**Exercise description**
Write the listing out again exactly as it stands, with no images.

**Provided material**
══════

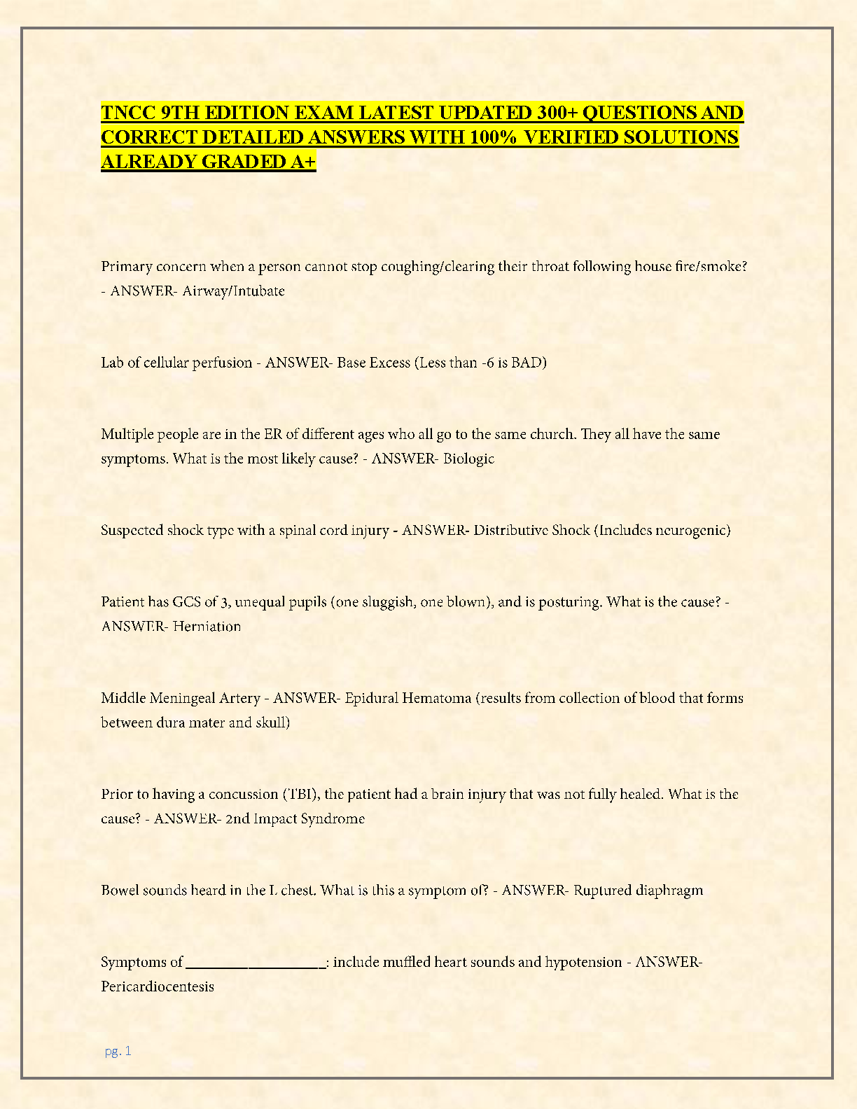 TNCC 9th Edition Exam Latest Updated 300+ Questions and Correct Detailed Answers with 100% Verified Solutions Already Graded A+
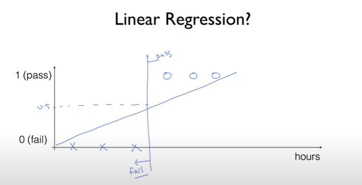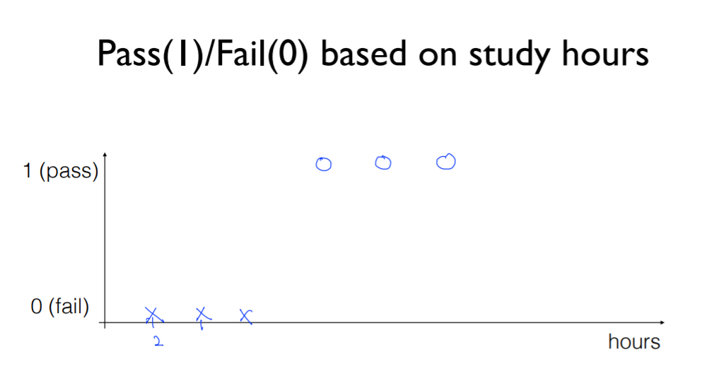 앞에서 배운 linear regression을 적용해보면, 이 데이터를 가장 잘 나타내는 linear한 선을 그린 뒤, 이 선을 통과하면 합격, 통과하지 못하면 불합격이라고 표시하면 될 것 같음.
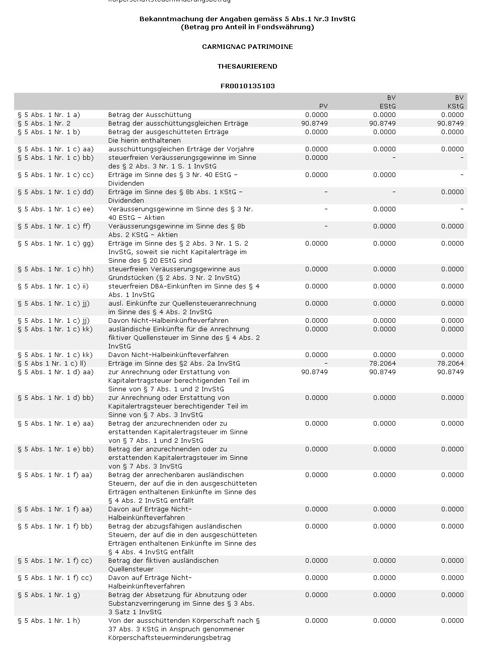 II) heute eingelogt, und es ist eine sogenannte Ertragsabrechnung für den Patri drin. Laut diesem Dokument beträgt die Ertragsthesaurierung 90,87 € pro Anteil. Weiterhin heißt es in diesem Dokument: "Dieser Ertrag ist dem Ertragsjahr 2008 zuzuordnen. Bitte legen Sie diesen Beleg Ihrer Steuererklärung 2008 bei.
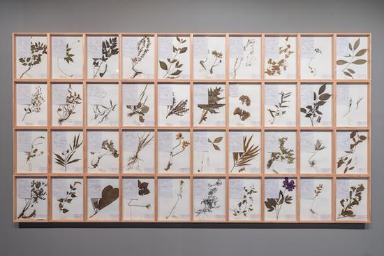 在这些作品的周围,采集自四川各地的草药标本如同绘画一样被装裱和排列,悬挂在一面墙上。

══════

**Reply to the task**
 TNCC 9th Edition Exam Latest Updated 300+ Questions and Correct Detailed Answers with 100% Verified Solutions Already Graded A+
 앞에서 배운 linear regression을 적용해보면, 이 데이터를 가장 잘 나타내는 linear한 선을 그린 뒤, 이 선을 통과하면 합격, 통과하지 못하면 불합격이라고 표시하면 될 것 같음.
 II) heute eingelogt, und es ist eine sogenannte Ertragsabrechnung für den Patri drin. Laut diesem Dokument beträgt die Ertragsthesaurierung 90,87 € pro Anteil. Weiterhin heißt es in diesem Dokument: "Dieser Ertrag ist dem Ertragsjahr 2008 zuzuordnen. Bitte legen Sie diesen Beleg Ihrer Steuererklärung 2008 bei.
 在这些作品的周围,采集自四川各地的草药标本如同绘画一样被装裱和排列,悬挂在一面墙上。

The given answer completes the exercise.